Convergence of equation-free methods in the case of finite time scale separation with application to deterministic and stochastic systems

A common approach to studying high-dimensional systems with emergent low-dimensional behavior is based on lift-evolve-restrict maps (called equation-free methods): First, a user-defined lifting operator maps a set of low-dimensional coordinates into the high-dimensional phase space, then the high-dimensional (microscopic) evolution is applied for some time, and finally a user-defined restriction operator maps down into a low-dimensional space again.

We prove convergence of equation-free methods for finite time scale separation with respect to a method parameter, the so-called healing time. Our convergence result justifies equation-free methods as a tool for performing high-level tasks such as bifurcation analysis on high-dimensional systems. More precisely, if the high-dimensional system has an attracting invariant manifold with smaller expansion and attraction rates in the tangential direction than in the transversal direction (normal hyperbolicity), and restriction and lifting satisfy some generic transversality conditions, then an implicit formulation of the lift-evolve-restrict procedure generates an approximate map that converges to the flow on the invariant manifold for healing time going to infinity.

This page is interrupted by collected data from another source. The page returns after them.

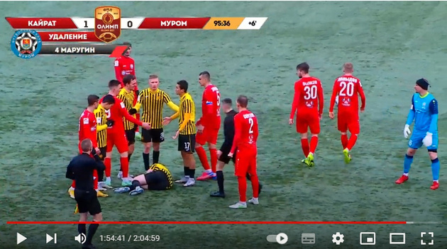 Напряженная концовка порой грозила порой разборками между игроками. Например, футболист «Кайрата» исподтишка ткнул локтем в бок Маругина, а тот в сердцах ударил соперника головой. Последовало долгое лежание кайратовца на поле и - прямая красная карточка Маругину. Удаление! А тут уже подоспел финальный свисток.
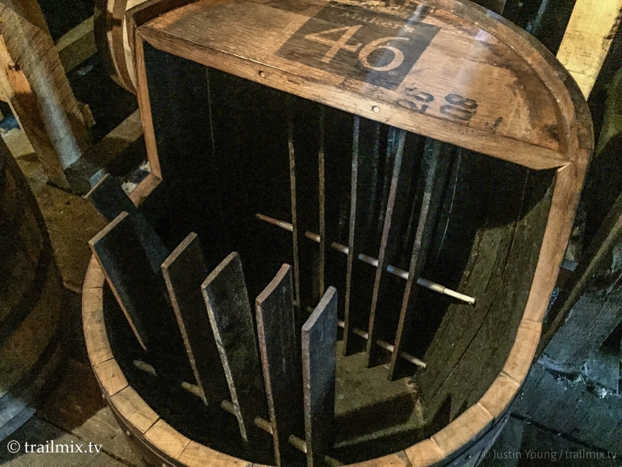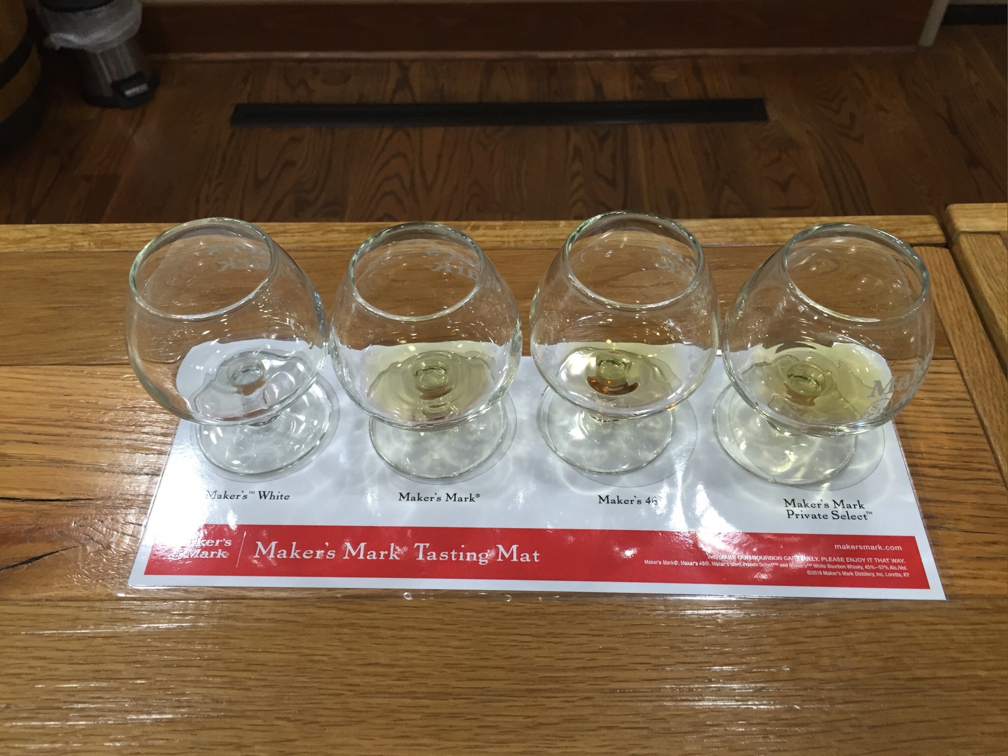 In specialty products, such as the higher end Maker’s 46, fully aged bourbon is poured into previously used Maker’s Mark barrels that have different seared French oak staves in them. The bourbon is then aged an additional nine weeks to bring out a different flavor. It’s even possible to order a special batch for yourself under their Private Select program, which uses a combination of 5 different types of staves they have available. Oh, my… 😀
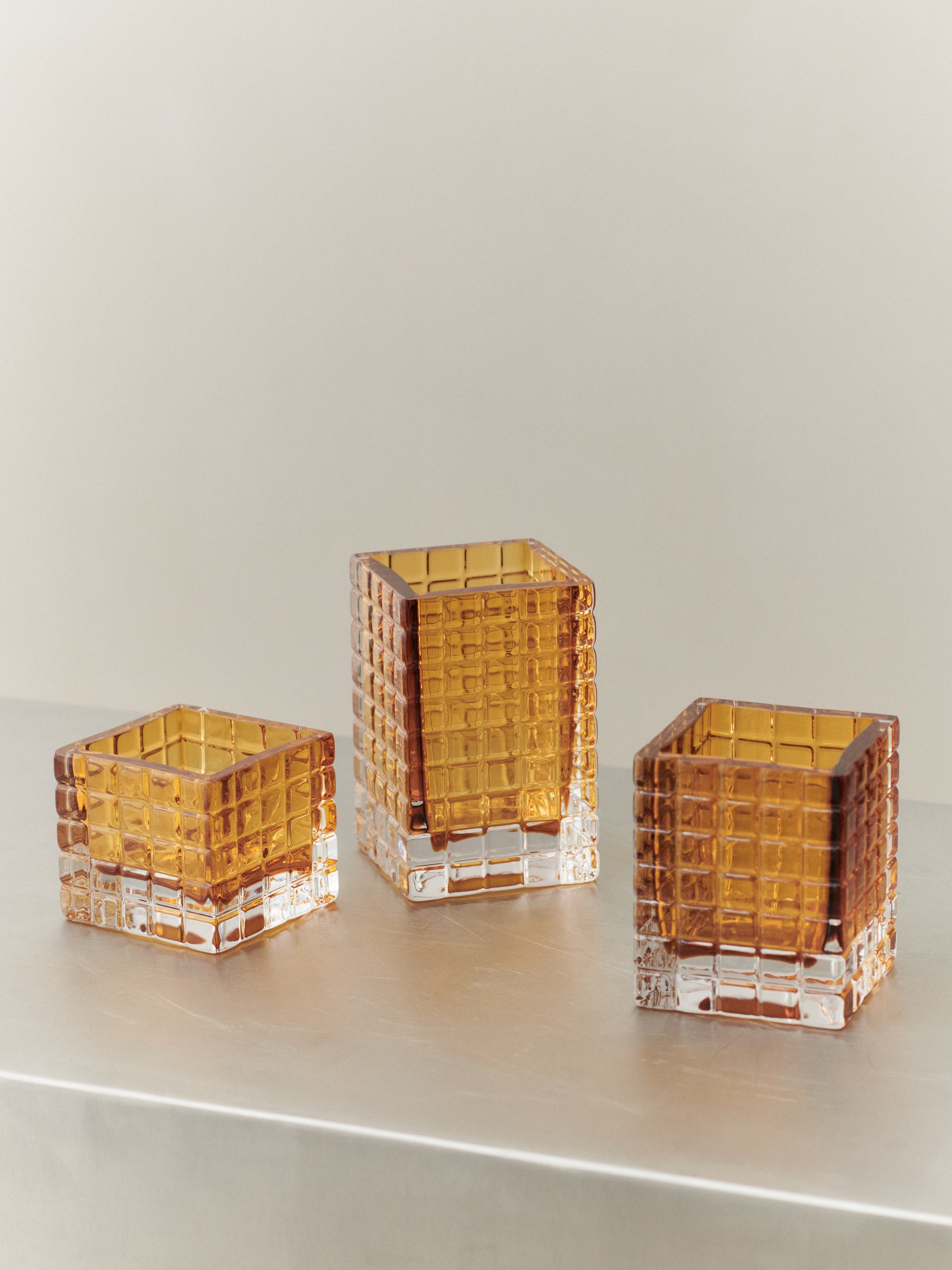 Mimic Fifth Avenue and combine the diverse tones and sizes to create a personal expression. This object commemorates the skillful glass-blowing technique, by which no article is enitrely identical to another.
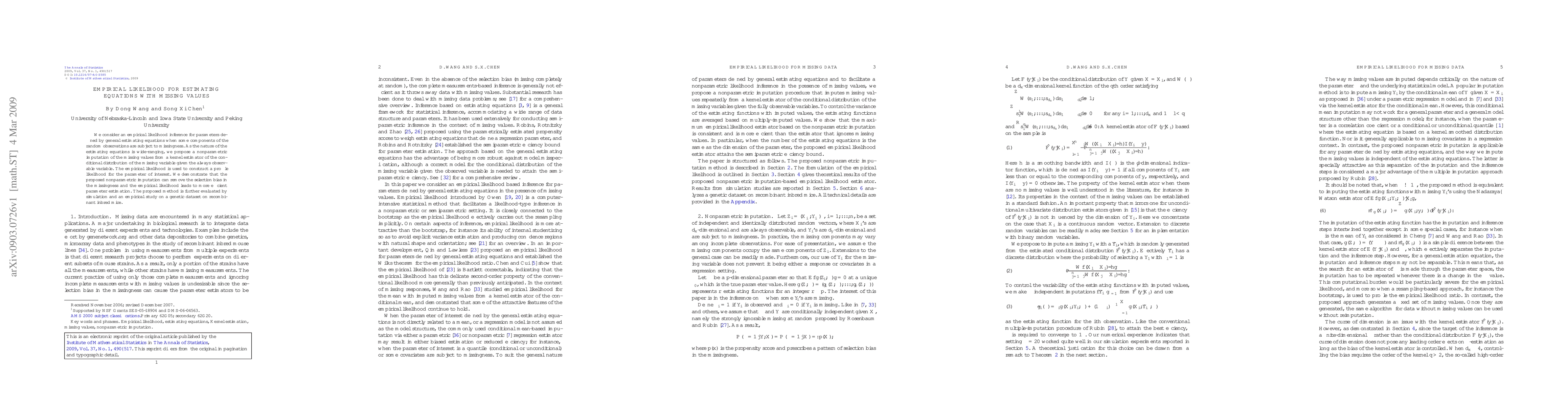 This paper proposes an empirical likelihood method for estimating parameters defined by general estimating equations in the presence of missing data. It uses nonparametric imputation via kernel estimators to handle missing values, demonstrating improved efficiency and reduced selection bias in parameter estimation through simulations and an empirical study on a genetic dataset.
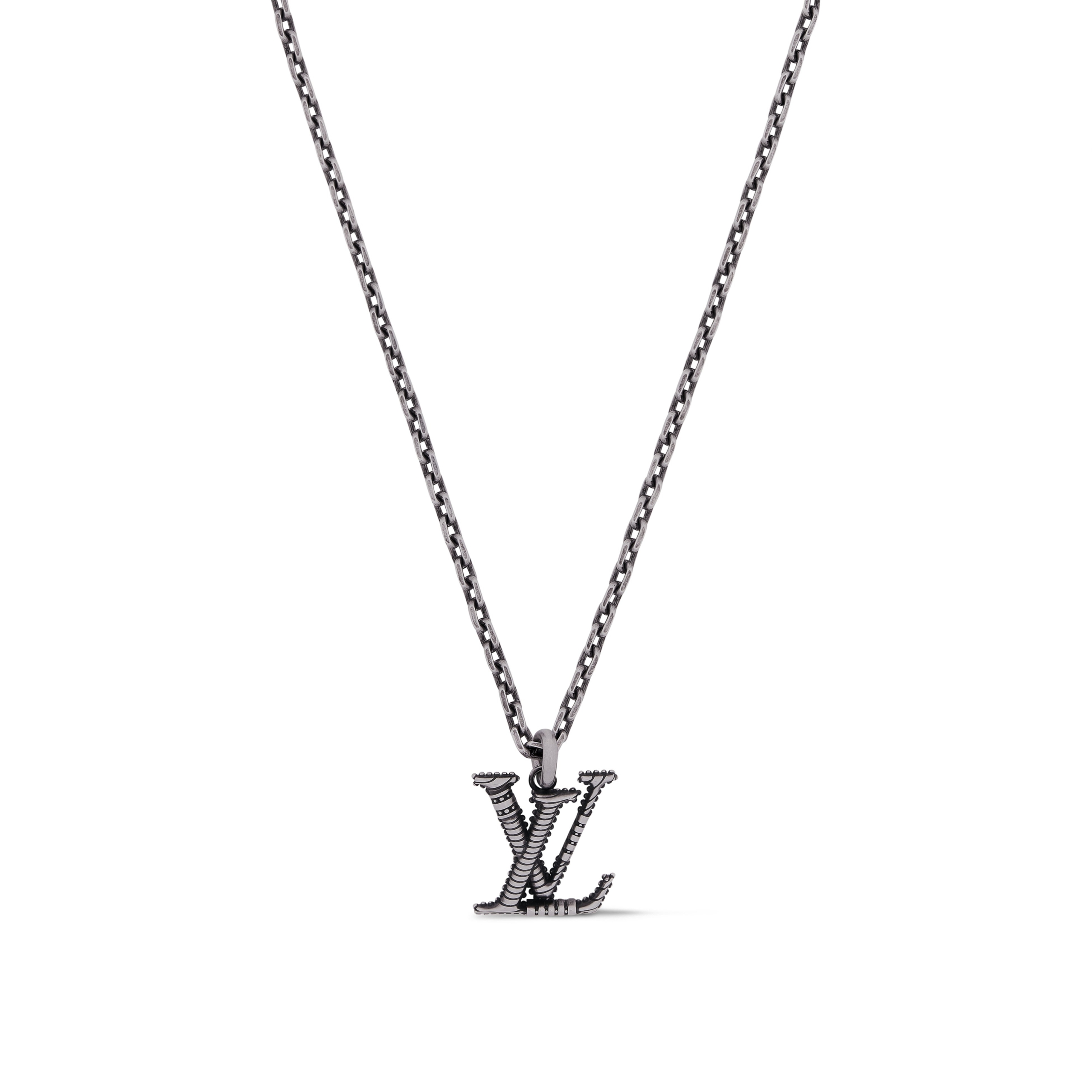 気品溢れるデザインが余韻を残す「ペンダント・LV ウィスパー」。ねじりがあしらわれたチェーンから、ギョーシェ加工を施したような新たな表情をまとったLV イニシャルが揺れます。インドのクラフツマンシップの歴史を讃えるリボンのようなスタイルで、控えめでありながらも圧倒的な魅力を放つ一品に仕上げました。
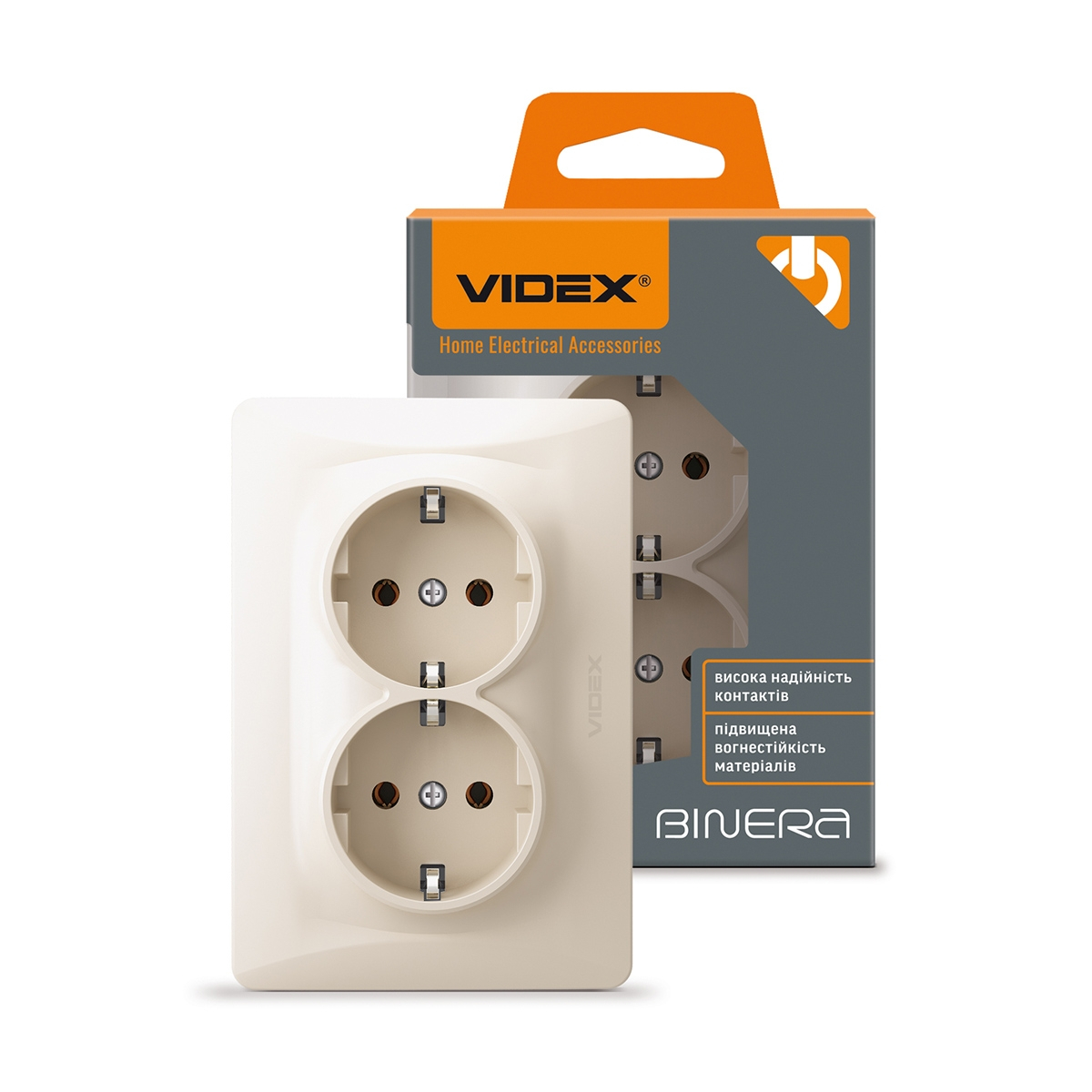 Розетка подвійна із заземленням кремова VIDEX BINERA (VF-BNSK2G-CR) (10/80)
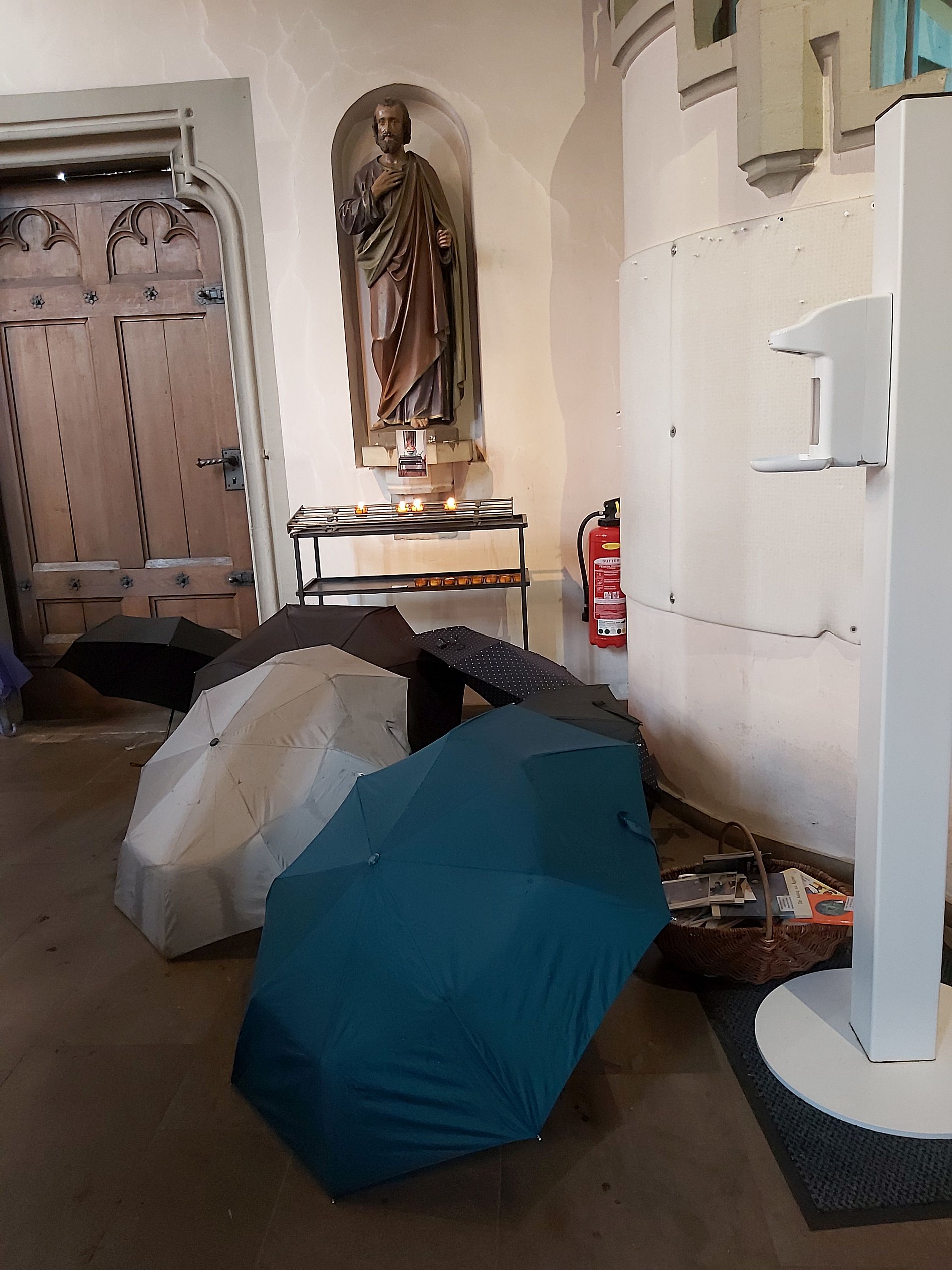 Die beiden Kirchorte Maria Rosenkranz Seckbach und Sankt Josef Bornheim haben sich in diesem Jahr nicht im Günthersburgpark getroffen. Wegen des Regenwetters konnte nicht wie üblich vor der Orangerie gefeiert werden. Regenschauer zogen immer wieder über Bornheim.
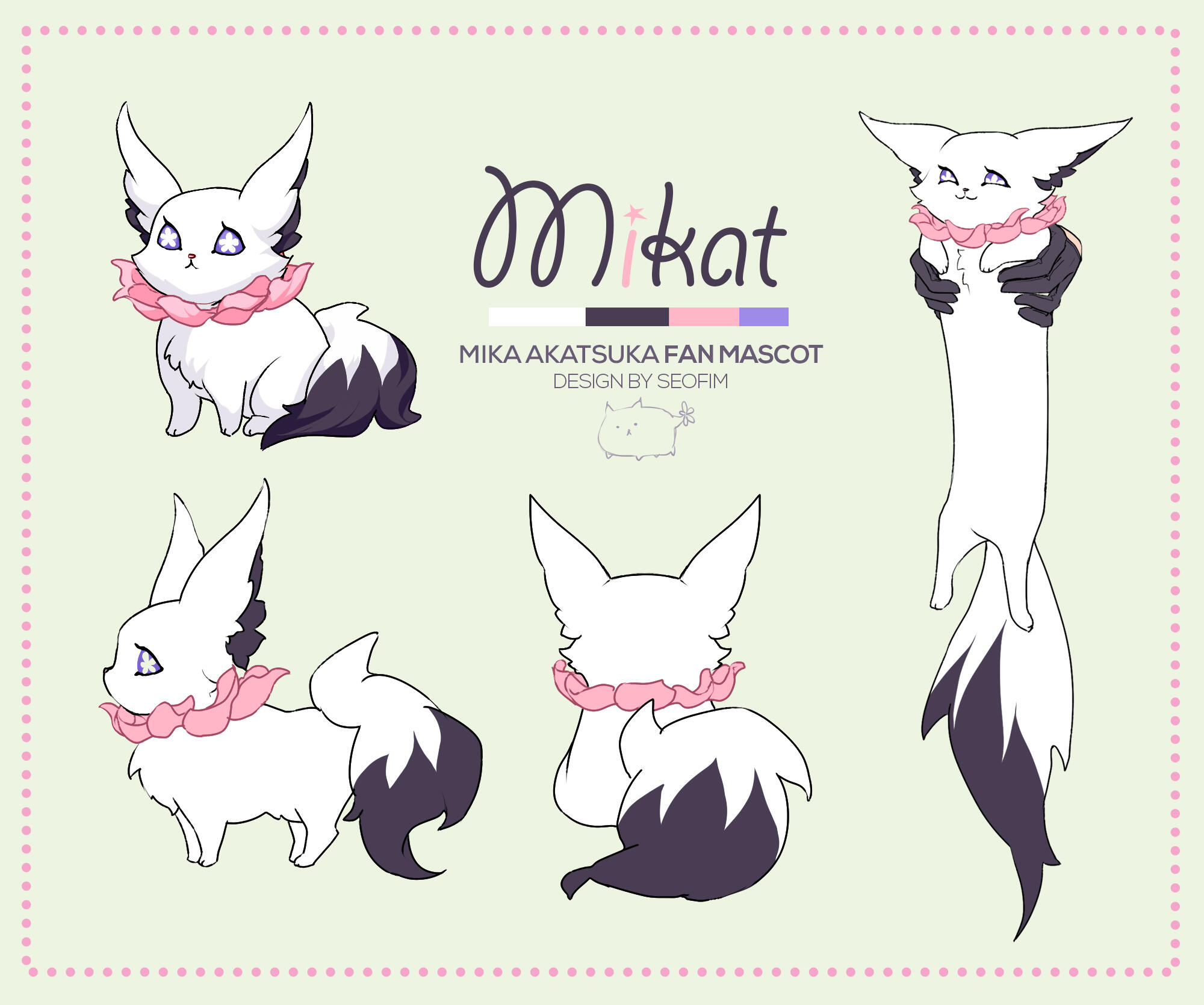 Cat-form Mikats come in all shapes and sizes and reflect various breeds of cat.Their key attributes are their large eyes with flower-shaped pupils and large ears. Their coats can vary in type and colour, though will generally follow a similar silhouette. When sitting or standing, their body appears compact, but upon being picked up, they are revealed to be long creatures.Flowers grow around areas of their bodies such as neck, tail and ears. Flower types vary, but are always present.Art by seofim

In contrast to all previous results, our result does not require the time scale separation to be large. A demonstration with Michaelis-Menten kinetics shows that the error estimates of our theorem are sharp. The ability to achieve convergence even for finite time scale separation is especially important for applications involving stochastic systems, where the evolution occurs at the level of distributions, governed by the Fokker-Planck equation.

In these applications the spectral gap is typically finite. We investigate a low-dimensional stochastic differential equation where the ratio between the decay rates of fast and slow variables is 2.